666-15 (CREB inhibitor) is a potent and selective CREB inhibitor (IC50: 81 nM).

666-15 is a potent and selective inhibitor of CREB-mediated gene transcription (IC50 = 0.081 ± 0.04 μM). 666-15 also potently inhibited cancer cell growth without harming normal cells [1]. Isoproterenol (ISO) induced cardiac hypertrophy. The rate of ROS production, CREB phosphorylation, and miR-132 expression increased after the addition of ISO. Upregulation of miR-132 was blocked by the specific inhibitor of CREB transcription, 666-15 [2].

In an in vivo MDA-MB-468 xenograft model, 666-15 completely suppressed the tumor growth without overt toxicity [1]. 666-15 was found to be readily bioavailable to achieve pharmacologically relevant concentrations for CREB inhibition. The mice treated with 666-15 showed no evidence of changes in body weight, complete blood count, blood chemistry profile, cardiac contractility and tissue histologies from liver, kidney, and heart [3].

HEK 293T cells in a 10 cm plate were transfected with pCRE-RLuc (6 μg) with Lipofectamine2000 following the manufacturer's instructions. Three hours after transfection, the cells were collected and replated into 96-well plates at ～10?000 cells/well. The cells were allowed to attach to the bottom of the plates overnight. The cells were then treated with different concentrations of different compounds for 30 min when forskolin (10 μM) was added to each well. The cells were incubated for further 5 h before cell lysis using 1× 30 μL Renilla luciferase lysis buffer. An amount of 5 μL of the lysate was combined with 30 μL of benzyl-coelenterazine solution in PBS (pH 7.4, 10 μg/mL). The protein concentration in each well was determined. The Renilla luciferase activity was normalized to protein content in each well and expressed as relative luciferase unit/μg protein (RLU/μg protein). The IC50 was derived from nonlinear regression analysis of the RLU/μg protein–concentration curve [1].

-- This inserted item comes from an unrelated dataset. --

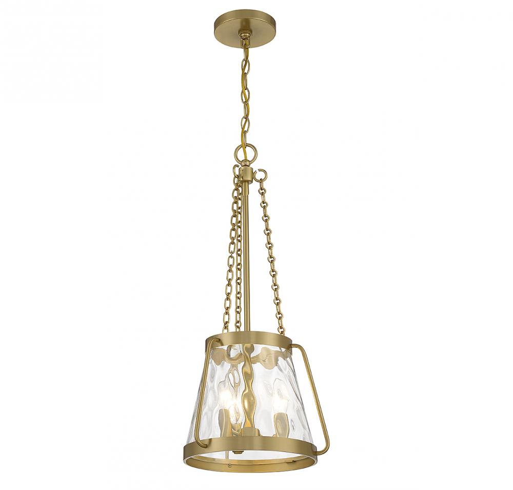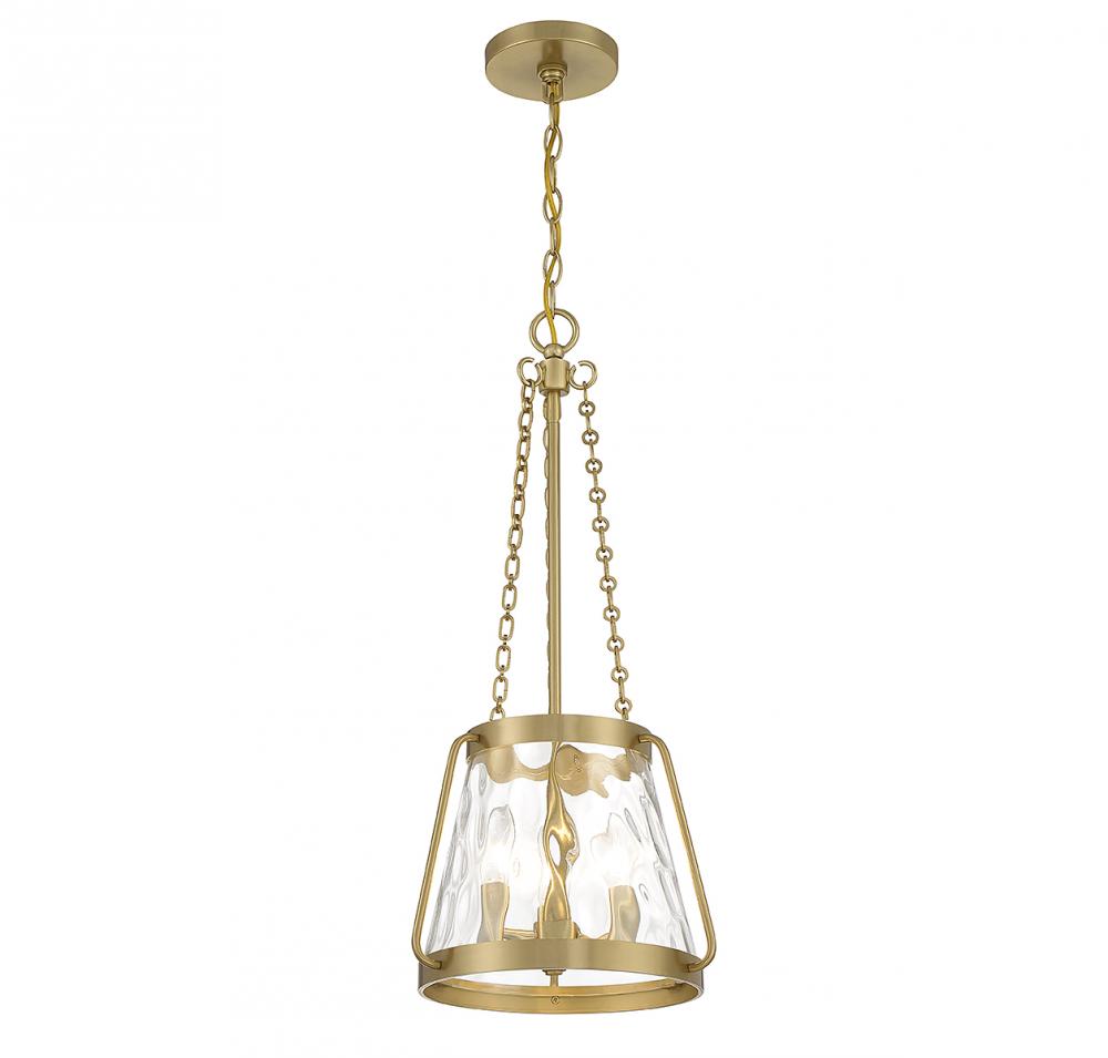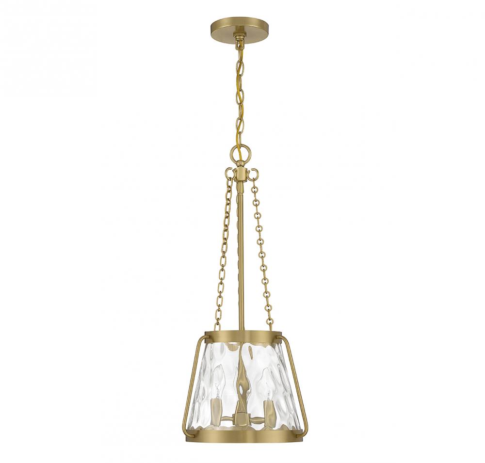 The Savoy House Crawford 3-light pendant proves that a classic style can be stunning! A lantern-inspired shade of clear water glass hangs down from an understated structure with industrial-inspired details. Finished in warm brass. Crawford is 25.5” in height and 12” in width. It uses 3 candelabra size bulbs of up to 60 watts per bulb (bulbs not included).
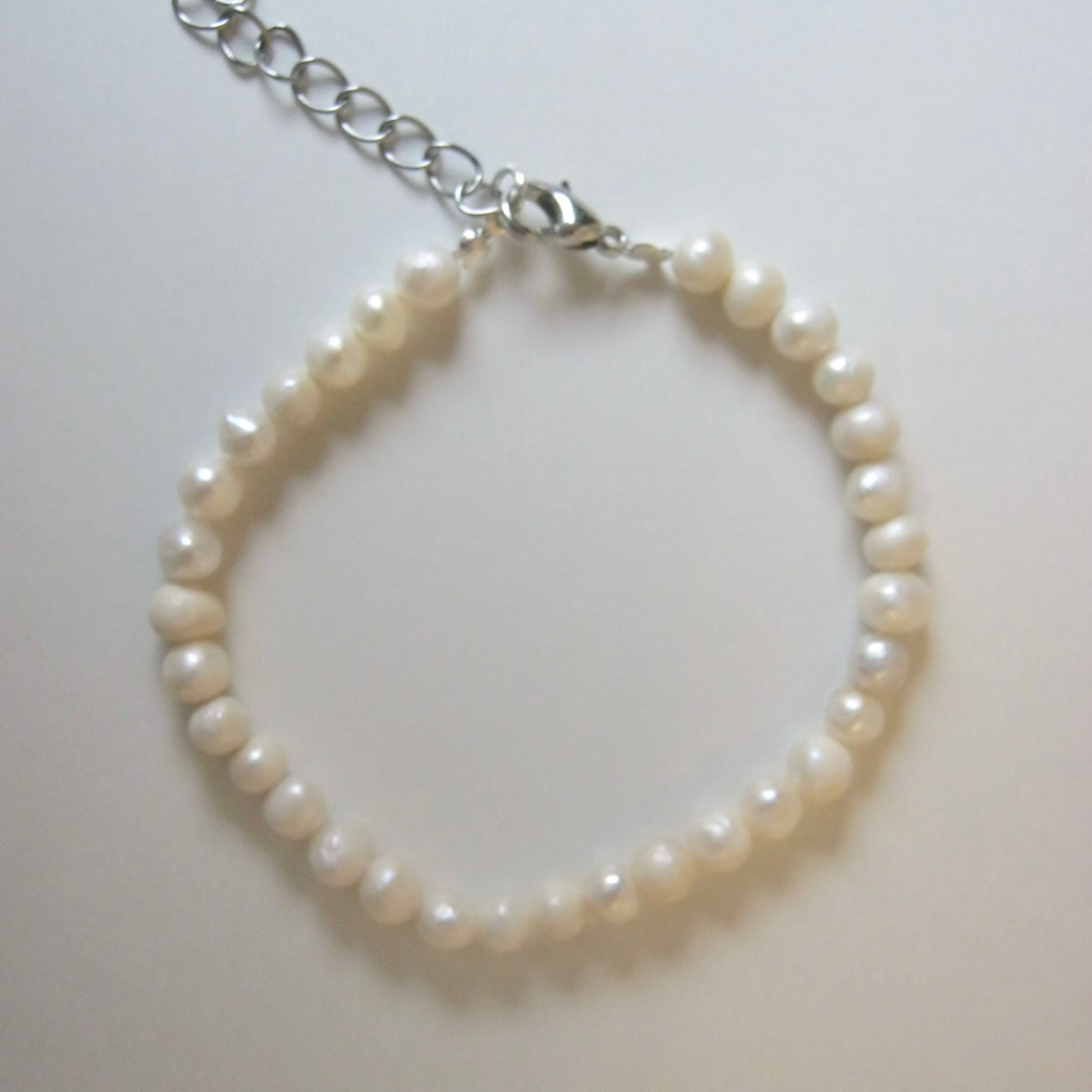 The Lucy Bracelet is a classic piece made with real freshwater pearls. Perfect for stacking, but can also be worn alone.

Each 6- to 8-week old BALB/c nude mouse was inoculated subcutaneously at the right flank with MDA-MB-468 cells (5 × 10^6) in 0.1 mL of HBSS with Matrigel (1:1) for tumor development. When the tumor volume reached approximately 100 mm3, the mice were randomized to be treated with either vehicle or 666-15 at 10 mg/kg. 3i was dissolved in 1% N-methylpyrrolidone (NMP), 5% Tween-80 in H2O. The dosing solution was prepared weekly. The mice were treated once a day for 5 consecutive days a week, and the treatment lasted for 5 weeks. During the treatment, the tumor size and body weight were measured 2–3 times a week. The tumors were measured in two dimensions using a digital caliper, and the volume was expressed in mm3 using the formula V = 0.5ab2, where a and b represent the long and short diameters of the tumor, respectively. The tumor volume was normalized to the initial tumor volume at the time of the first treatment [1].